**EXERCISE REQUIREMENTS**. Skip every picture while you write out the records below, from the first line through the one that contains "在最后的语句中的指针算术,可编译为图 3.10 的", both ends kept.

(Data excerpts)
>>>>

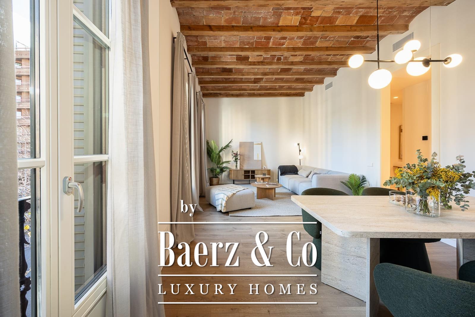 Appartement Barcelona Eixample Esquerra staat voor verfijning in een volledig gerestaureerd pand uit 1892 aan de Aribau-straat, gelegen op een van de meest begeerde adressen in Barcelona. Deze woning biedt 86 m² zorgvuldig ingedeelde leefruimte, met lichte kamers en een vloeiende indeling. Meerdere buitensbalkons laten het daglicht moeiteloos door de interieurs stromen, wat voor warmte en een open, elegante sfeer zorgt.
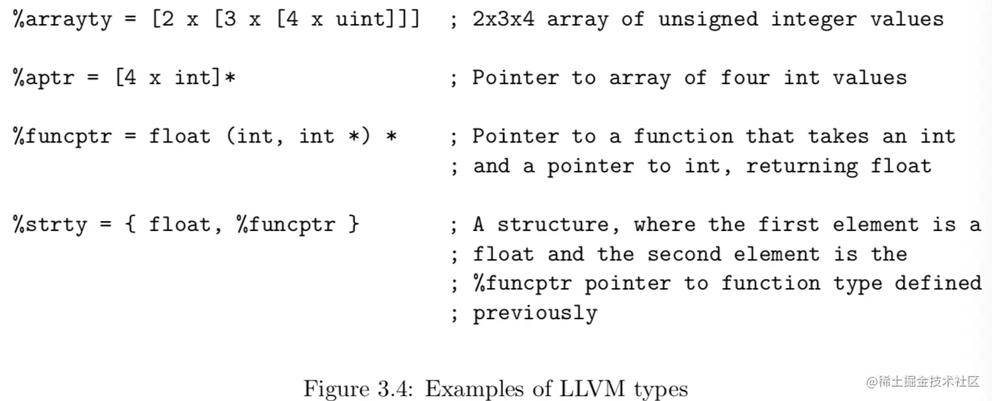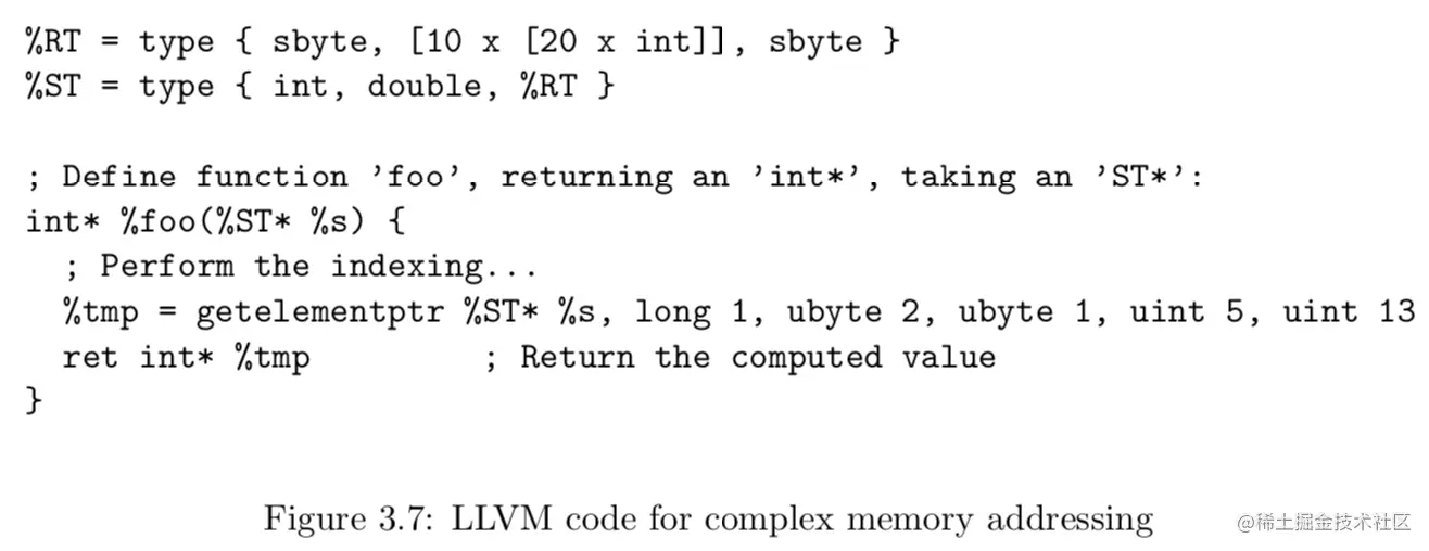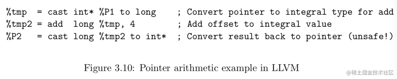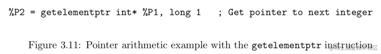 在最后的语句中的指针算术,可编译为图 3.10 的 LLVM 代码:
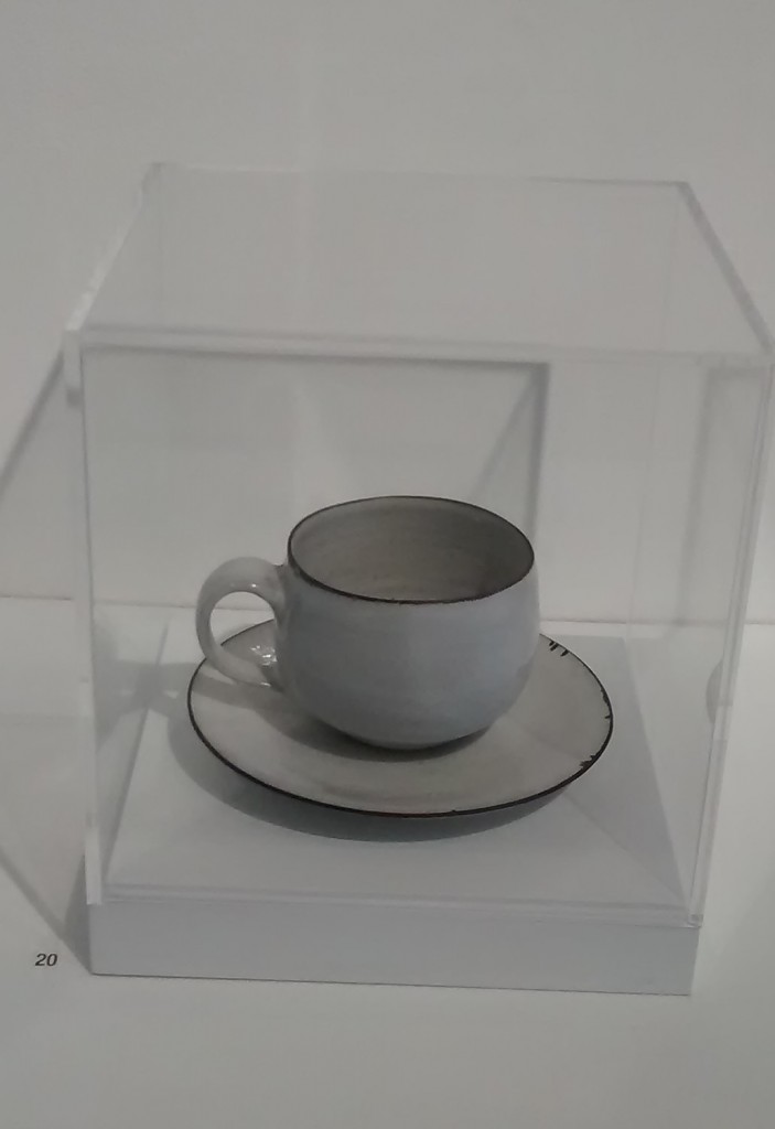 I head round the corner to Austin Desmond Fine Art and their current show Aspects of Modern British Art which, to paraphrase that esteemed critic Forrest Gump is a bit like a box of Quality Street with, fortunately, more coffee creams than gritty pralines. In fact, some of the stuff here makes one proud to be a Pom. The Edward Burra watercolour, the Ivon Hitchens print, paintings by John Hoyland and Victor Pasmore, drawings by Roger Hilton and Colin Self are all pretty good, even if they may be a bit parochial. But what’s wrong with that? The standout item for me, however, is Lucie Rie’s very simple, very beautiful ceramic cup and saucer, which could be yours, or even mine, for just £1,000.  And who wouldn’t want their afternoon cuppa to be served in this? Although, by the same token, who, having supped, would have the nerve to stick it in the dishwasher and press the button? I get into a discussion about this conundrum with the charming woman who’s keeping shop. How should one treat this beautiful object? Should it remain forever sheltered in its glass case or should it be used for the purpose for which it was originally created? Perhaps the answer is to buy it as a gift for someone and give it to them without revealing its cost, for fear of inhibiting them from using it. On the other hand, what’s the point of giving someone a really expensive gift if you can’t let them know how generous you’ve been? In the end, my final suggestion is that one should buy the cup, down one drink and then throw it into the fireplace. I think that’s probably the best way to release the elan vital.
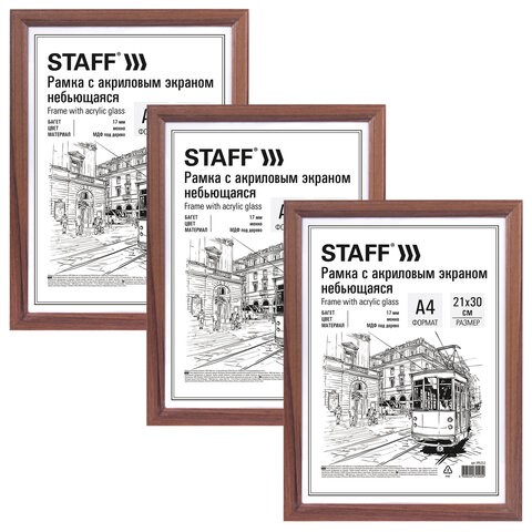 Рамка 21х30 см небьющаяся, КОМПЛЕКТ 3 шт., багет 17 мм МДФ, STAFF "Carven", цвет мокко, 391322
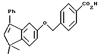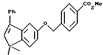ПРИМЕР 1374-[1,1-Диметил-3-фенил-1Н -инден-5-илоксиметил]бензойная кислота (I32a) ![]() Метиловый эфир 4-[1,1-диметил-3-фенил-1Н -инден-5- илоксиметил]бензойной кислоты (300 мг, 0,78 ммоль) и 3,9 мл 2 н. NaOH в 5 мл тетрагидрофурана и 5 мл метанола перемешивали при комнатной температуре в течение 16 часов. Раствор упаривали и подкисляли 1 н. HCl (10 мл), экстрагировали этилацетатом (20 мл х 3). Объединенные экстракты промывали водой (10 мл), сушили над сульфатом магния и выпаривали. Остаток кристаллизовали из смеси эфира с гексаном с получением 247 мг (выход 85%) указанного в заголовке соединения в виде твердого вещества белого цвета; 1H-ЯМР (ДМСО-d6): 1,31 (с, 6Н), 5,20 (с, 2Н), 6,57 (с, 1Н), 6,89 (дд, J=1,1, 8,2 Гц, 1Н), 7,02 (д, J=1,1 Гц, 1Н), 7,36-7,57 (м, 8Н), 7,95 (д, J=8,3 Гц, 2Н), 12,94 (ушир.с, 1H); MS m/e: 371 (МН+).
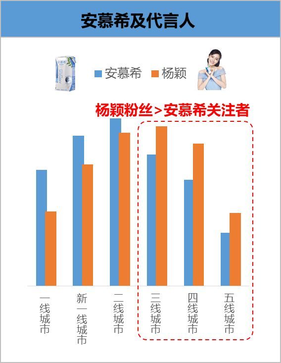 三大常温酸奶覆盖人群学历差异明显,莫斯利安、纯甄以高学历为主,安慕希则覆盖均匀,杨颖的粉丝学历以中低学历为主,安慕希下沉空间广阔。
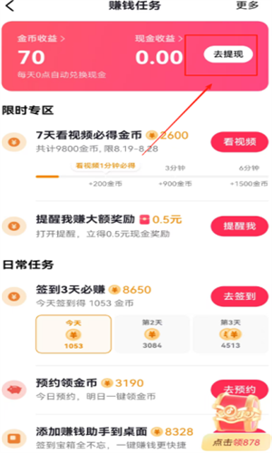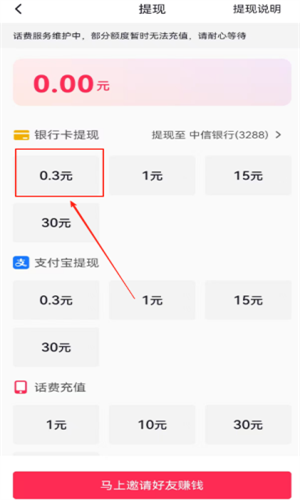 进入【提现】页面,选好提现的金额,点击【立即提现】
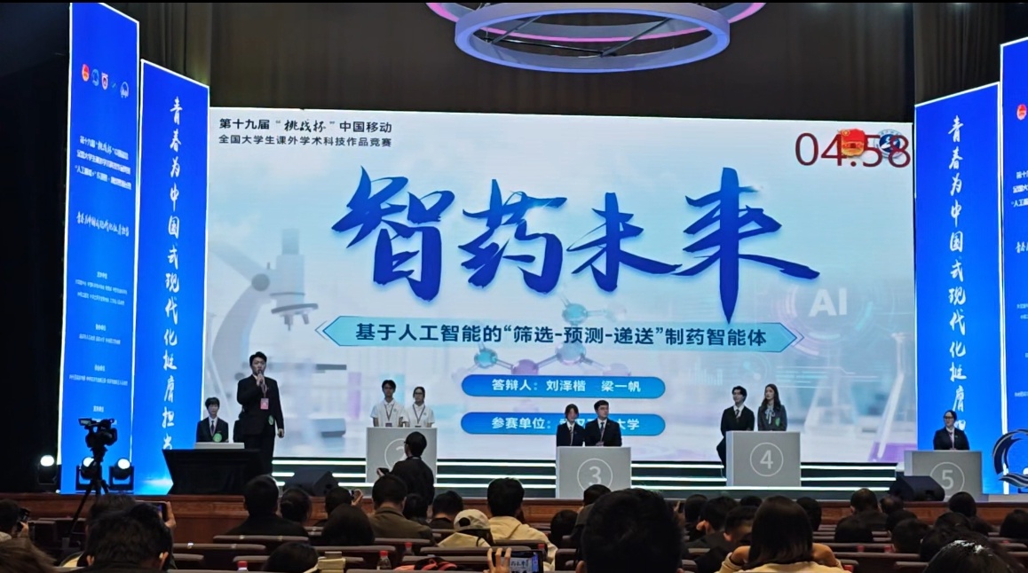 在“挑战杯”“人工智能+”专项赛·挑战赛赛道中,由刘捷、刘根炎、喻发全老师指导,员工梁一帆、刘泽楷、王梓恒、方涵、刘程、吴易雯、张诗月、李紫鹃、李诗健、杨佳赛参与的“基于人工智能的药物高效筛选、预测和递送智能体的构建”项目,荣获全国特等奖。该项目围绕制药行业智能化升级需求,将人工智能算法与传统制药工艺深度融合,有效解决了行业内长期存在的难题,项目技术创新性和实际应用价值获得评委一致认可。
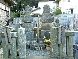 一説に、左の墓石は多々良三郎ではなく三浦義明の妻(秩父重綱の娘で

<<<<

**SOLUTION**.
 Appartement Barcelona Eixample Esquerra staat voor verfijning in een volledig gerestaureerd pand uit 1892 aan de Aribau-straat, gelegen op een van de meest begeerde adressen in Barcelona. Deze woning biedt 86 m² zorgvuldig ingedeelde leefruimte, met lichte kamers en een vloeiende indeling. Meerdere buitensbalkons laten het daglicht moeiteloos door de interieurs stromen, wat voor warmte en een open, elegante sfeer zorgt.
 在最后的语句中的指针算术,可编译为图 3.10 的 LLVM 代码:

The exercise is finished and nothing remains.